2ndアルバムはコロナ真っ只中の時期にリリースすることになってしまったので、レコードショップも開いていませんでしたし、もちろんツアーも出来ませんでした。なので当然そのあとは落ち込みました。イライラしていたというか、そこから立ち行かない状態になって、そろそろ3rdアルバムを作っていこうとなっても、うまくいきませんでした。いろいろな方から「アーティストにとっての3rdアルバムは重要なものだ」という話を聞くこともあり、そのことがプレッシャーでもありました。2ndアルバムがどんな結果になったのかが不明な状態で、次はどこへ向かえばいいのかがわからなかったということもあると思います。

──追い詰められてしまったんですね。

結局のところ、自分で自分にプレッシャーをかけていたんだと思います。「新しいアルバムだから、成長しているものにしたい」「新鮮でありたい」という気持ちがありました。でもあるときその悩みがどうでもよくなって、今回の3rdアルバムを“第一章の最後の作品”と位置付けたいと思うようになったんです。私の第一章の最後として、自分が今したいことをやろうって。
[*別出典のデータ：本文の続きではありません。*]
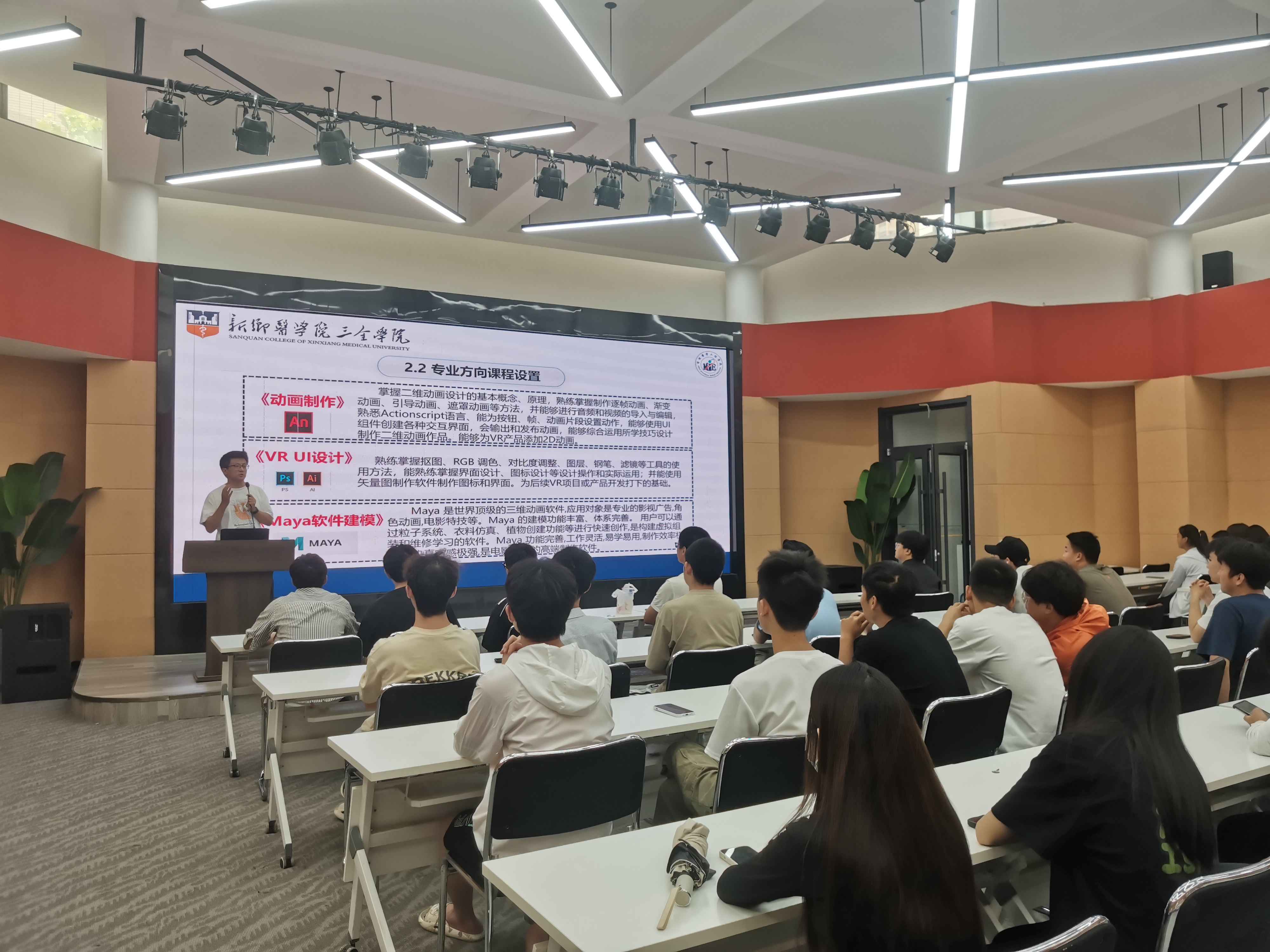 随后,进入美术设计方向宣讲环节。美术设计方向的教师代表王鑫老师详细介绍了该方向的学习内容和就业方向。他强调了平面设计、3D建模和动画制作等课程的重要性,并且提到了虚拟现实游戏、虚拟现实电影等领域的就业潜力。

──「All About McGuffin」のリリース発表の際、meiさんは本作について「ある時期から、普遍的で不器用な一人の人間として今作を素朴な作品にしたいと思いはじめました」というコメントをされていますけど、その言葉につながるわけですね。

そうですね。

mei ehara

──そうした意識の変化が影響しているのか、今回の歌詞は聴き手に対して開かれている印象を受けました。前作まではちょっと謎めいた歌詞が多くて、パッと聴いただけでは何について歌われているのかわからないところもありました。

聴く人に意味を押し付けない=何を歌っているのかわからない歌詞にするという基本的なスタンスはあまり変わっていないんですが、少し前から日常会話で使わないような難しい言葉を使わないということを大切にしながら作詞をしています。それから以前にまして注力していることが、曲の第一声に何を言うかということです。曲を聴いたときに「それで?」と次の言葉を追いたくなるような言葉を選ぼうと。

──確かに前のアルバムに入っていた「不確か」などはそういう曲ですよね。「幽霊 ほどけていたんだ 才能 わけている」というフレーズで始まるから、聴き手は「それで?それで?」という好奇心が湧いてくる。

また今作がこれまでと違うのは、聴く人が自身の経験と紐付けられそうな表現にも取り組んだことです。これまでは私自身が理解できればそれでいいと思っていたので、内向的な雰囲気があったと自分でも思います。それが今作では「こういうことってあるよね」と私以外の人たちがキャッチできる言葉選びをしている箇所があるというか。私が作詞したいこととのバランスを取りながら書きました。あとは、何のことを歌っているのかわからない曲だったとしても、1つのフレーズだけでも印象に残るような曲を作ろうともしました。